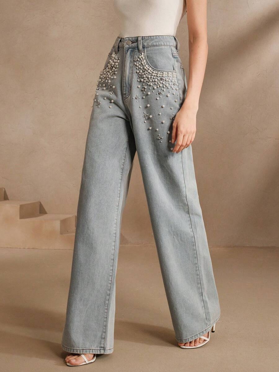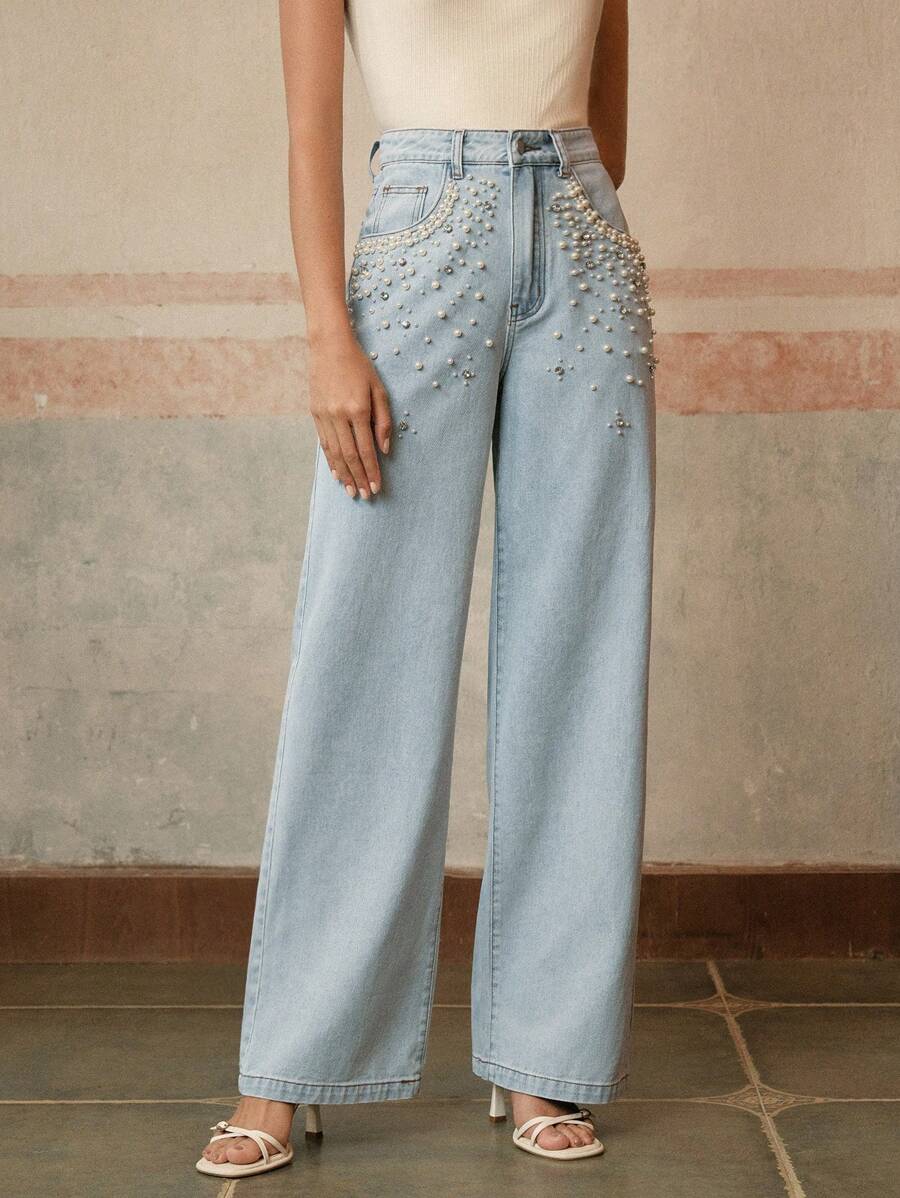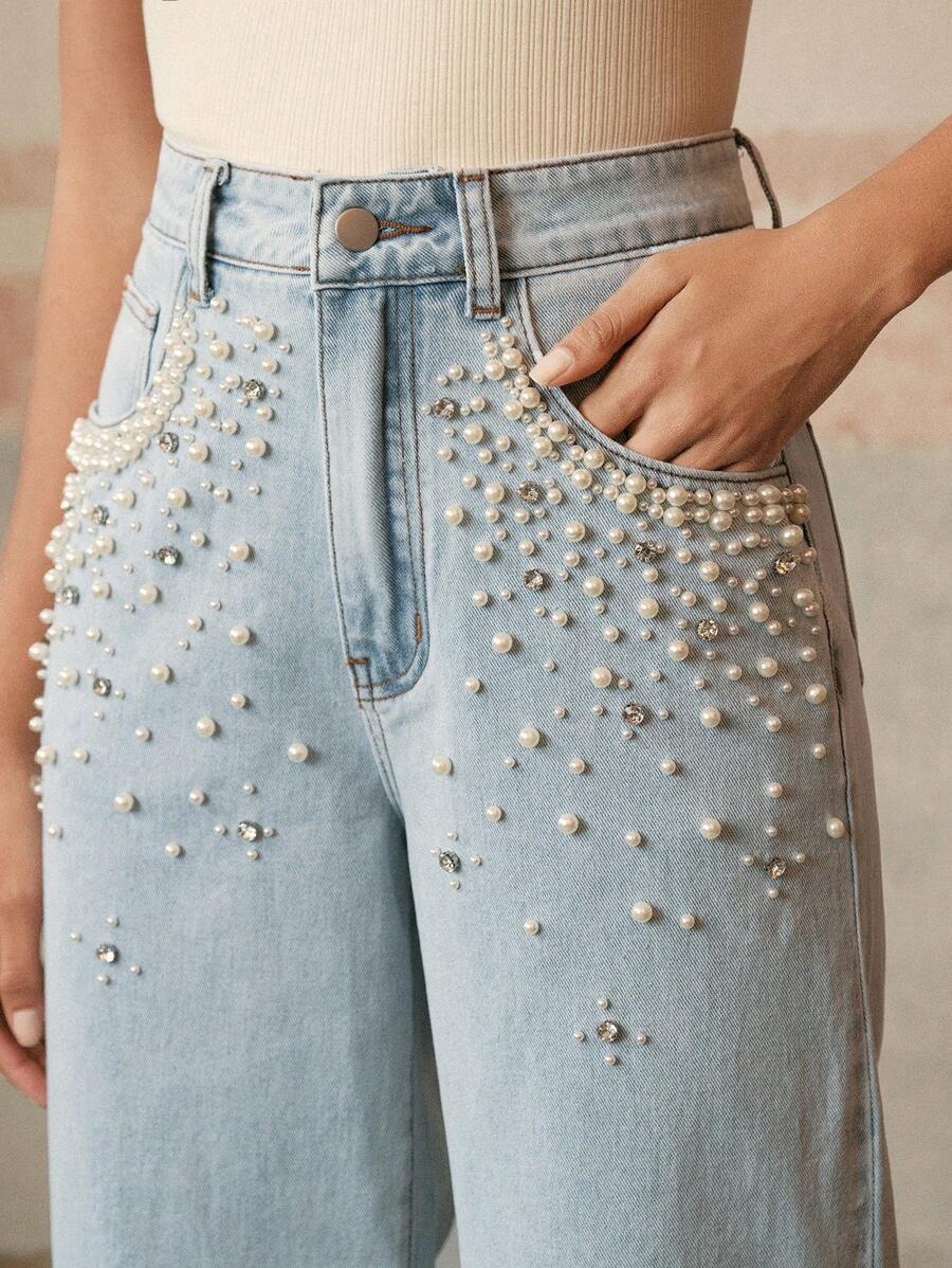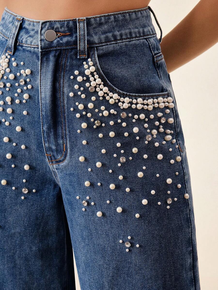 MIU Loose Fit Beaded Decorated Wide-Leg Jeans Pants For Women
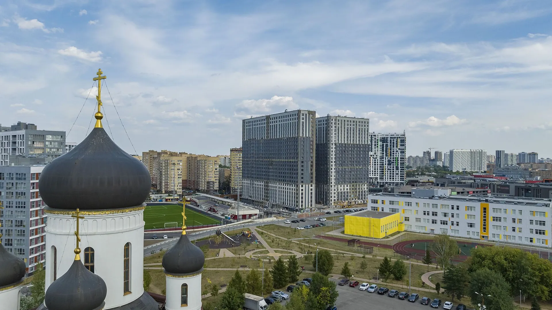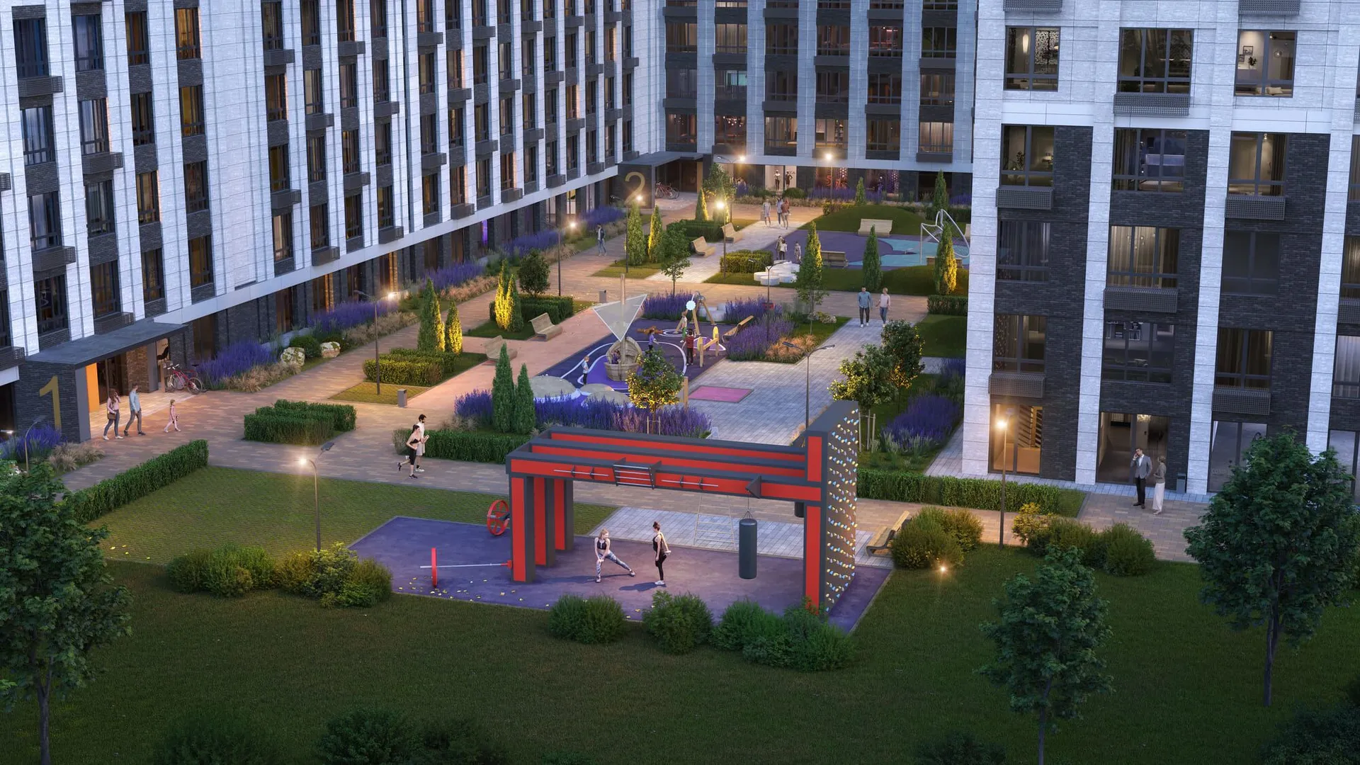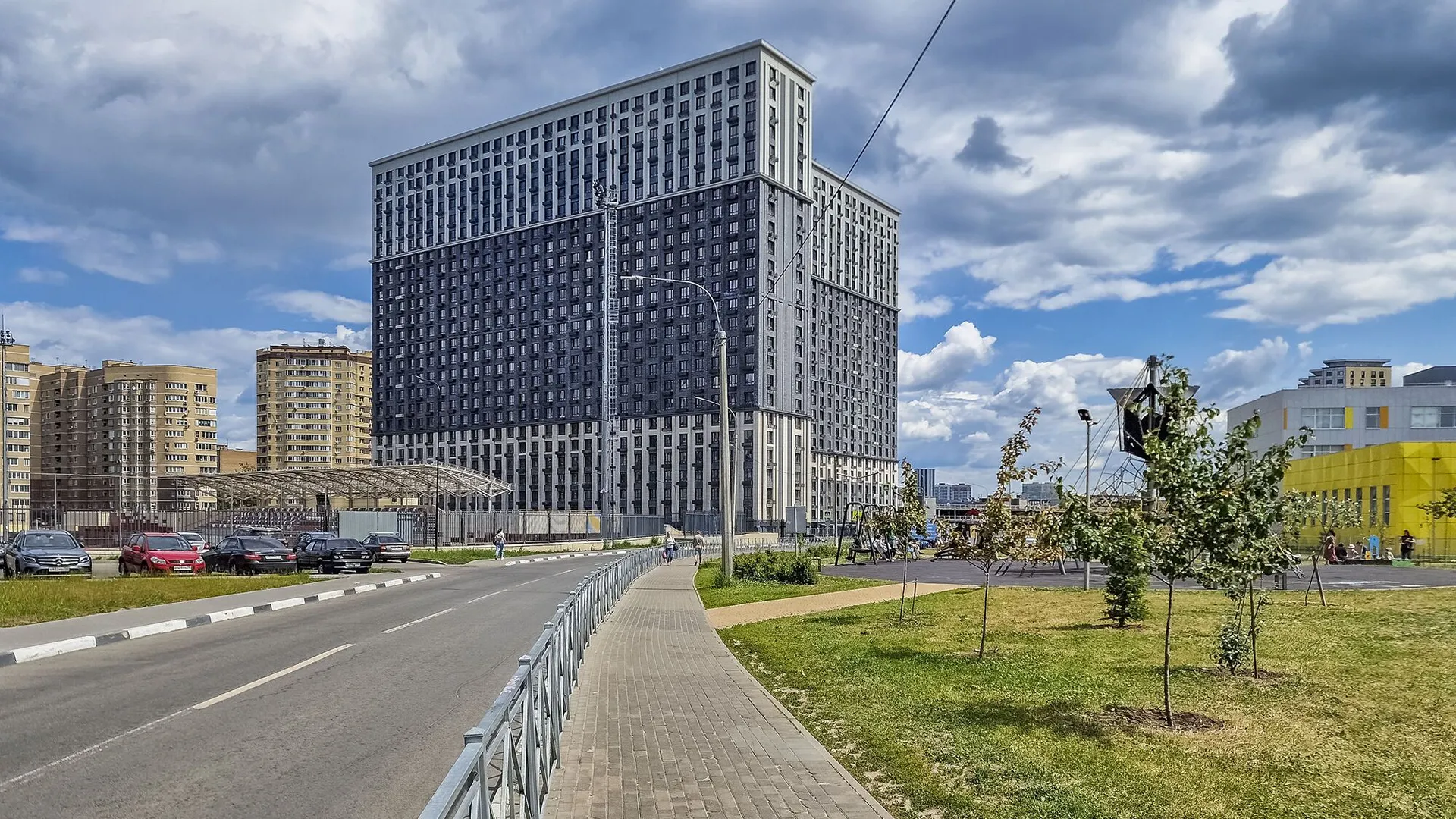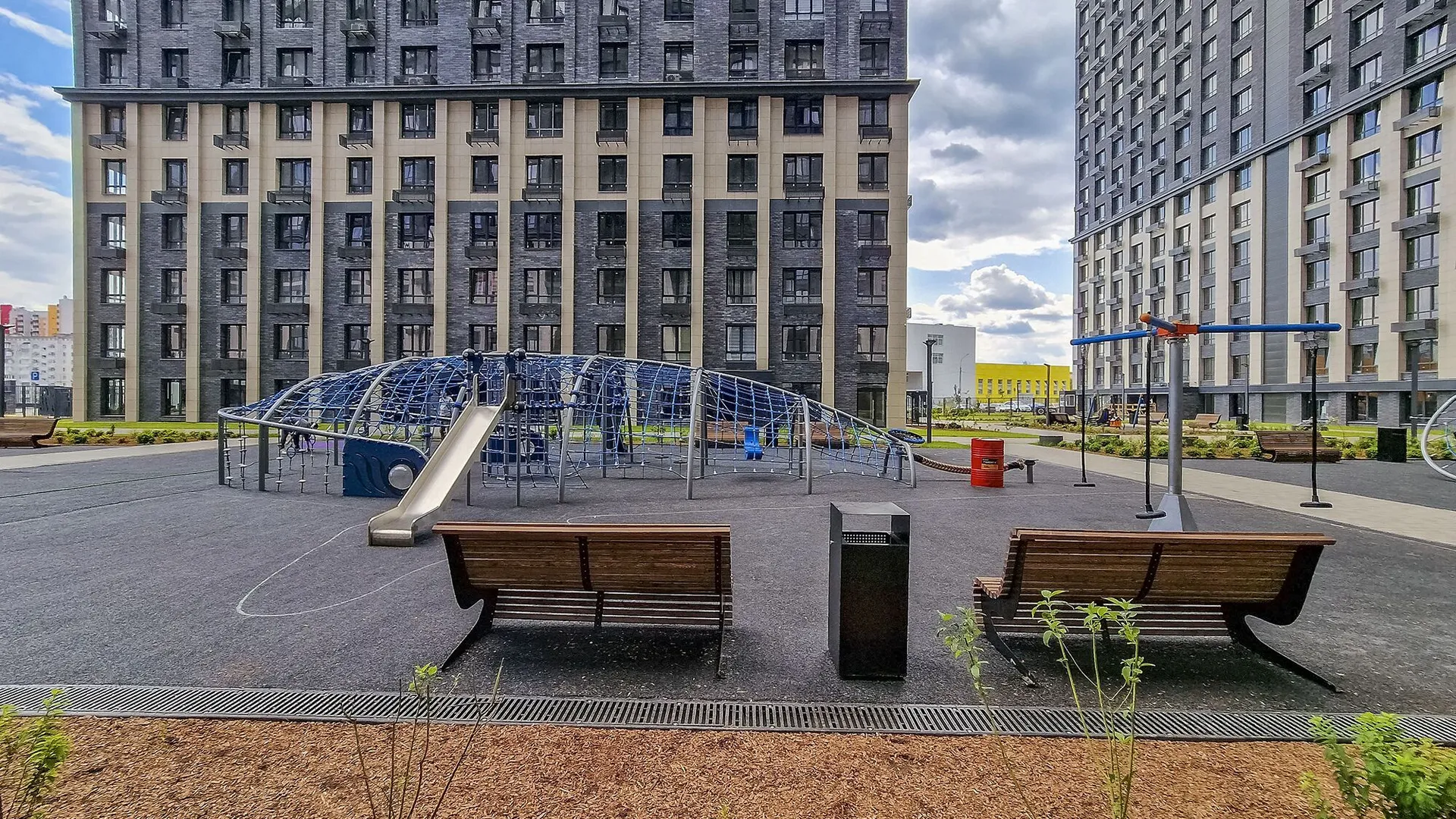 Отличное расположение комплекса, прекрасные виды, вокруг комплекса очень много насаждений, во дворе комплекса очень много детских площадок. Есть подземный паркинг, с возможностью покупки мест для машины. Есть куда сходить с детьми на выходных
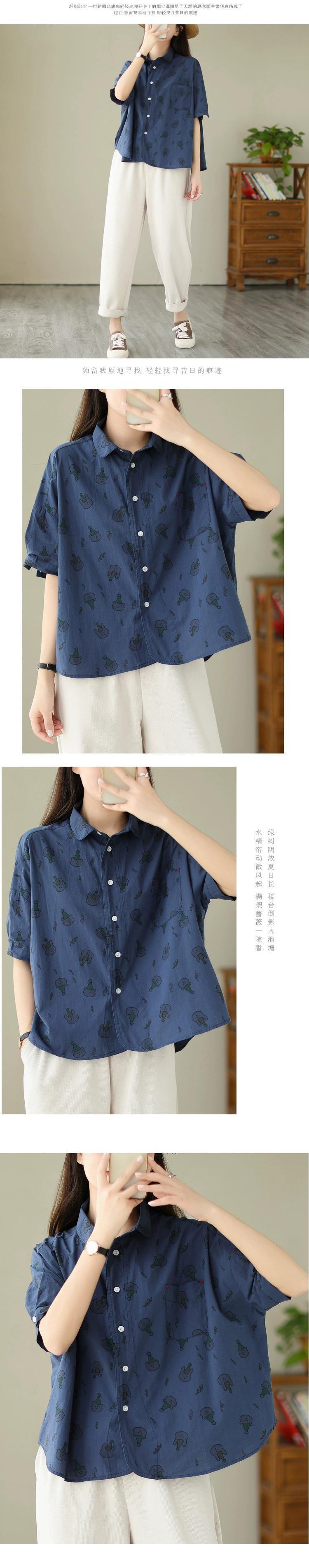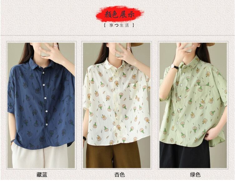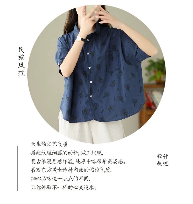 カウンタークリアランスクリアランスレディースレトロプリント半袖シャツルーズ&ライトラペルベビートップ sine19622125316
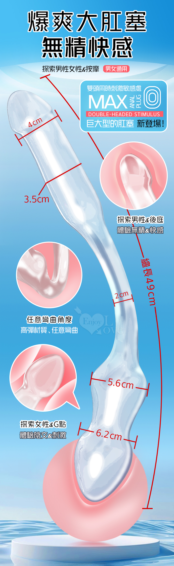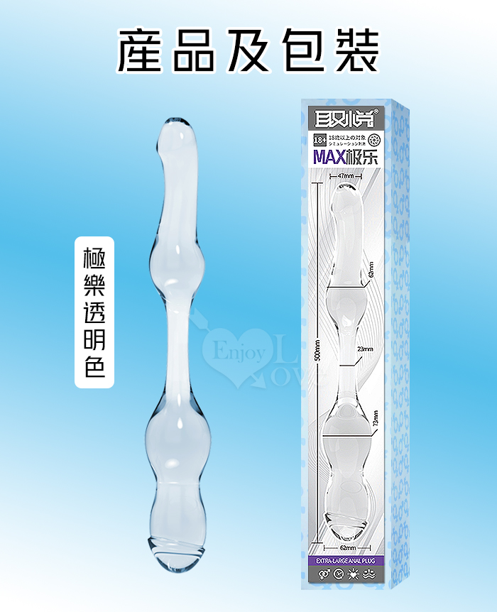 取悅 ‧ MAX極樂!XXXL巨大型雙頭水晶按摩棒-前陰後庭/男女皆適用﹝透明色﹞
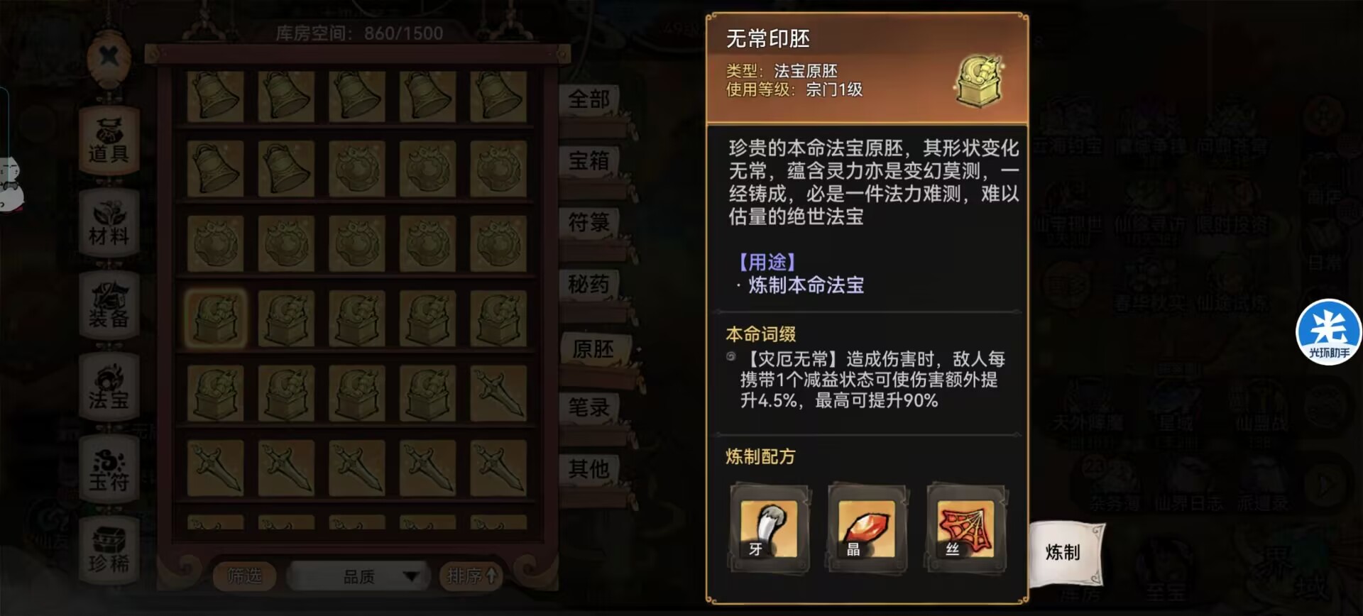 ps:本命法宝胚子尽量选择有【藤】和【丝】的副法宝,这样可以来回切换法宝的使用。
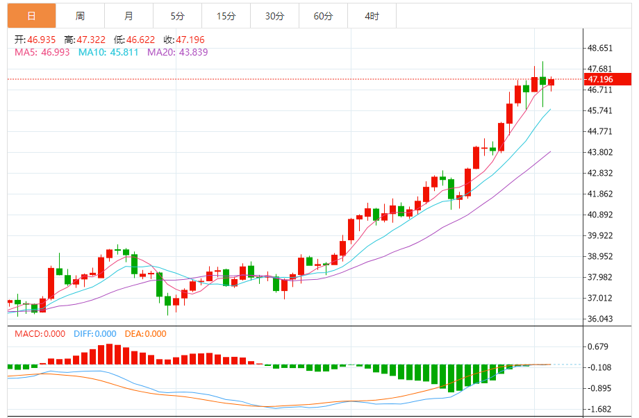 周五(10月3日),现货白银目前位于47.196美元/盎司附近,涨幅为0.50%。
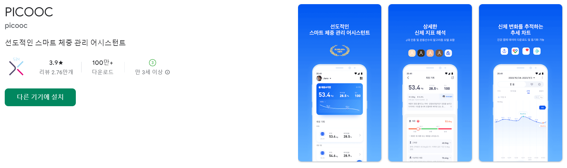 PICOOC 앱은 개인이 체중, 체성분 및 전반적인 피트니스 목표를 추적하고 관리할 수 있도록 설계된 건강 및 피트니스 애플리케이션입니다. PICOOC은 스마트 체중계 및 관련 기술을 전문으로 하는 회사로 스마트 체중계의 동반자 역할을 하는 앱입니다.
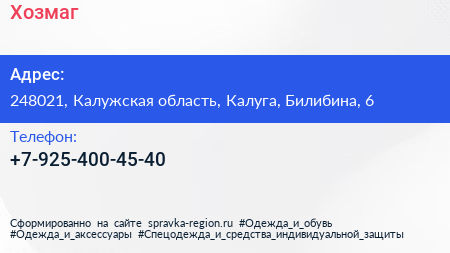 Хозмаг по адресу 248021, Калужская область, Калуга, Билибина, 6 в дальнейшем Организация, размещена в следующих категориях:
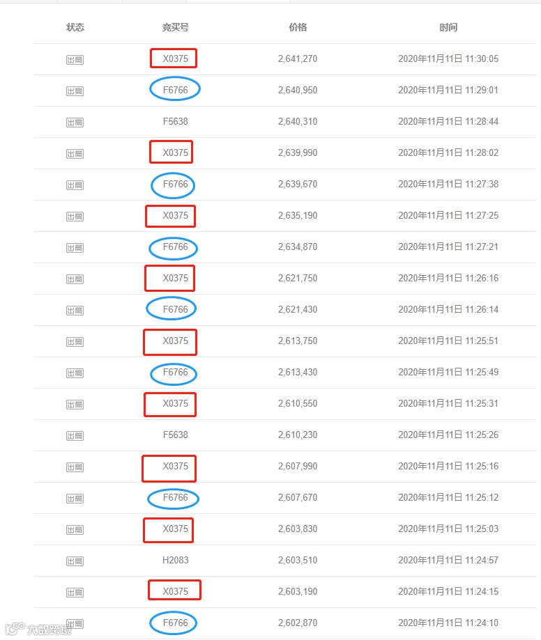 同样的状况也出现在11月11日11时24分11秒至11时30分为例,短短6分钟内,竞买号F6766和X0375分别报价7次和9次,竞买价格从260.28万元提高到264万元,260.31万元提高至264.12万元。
────────────────
Once you find the line containing "Хозмаг по адресу", retype it and every line after it through the last line of the records above, exactly. Add nothing else, and leave out the pictures.

_ANSWER SPACE_
 Хозмаг по адресу 248021, Калужская область, Калуга, Билибина, 6 в дальнейшем Организация, размещена в следующих категориях:
 同样的状况也出现在11月11日11时24分11秒至11时30分为例,短短6分钟内,竞买号F6766和X0375分别报价7次和9次,竞买价格从260.28万元提高到264万元,260.31万元提高至264.12万元。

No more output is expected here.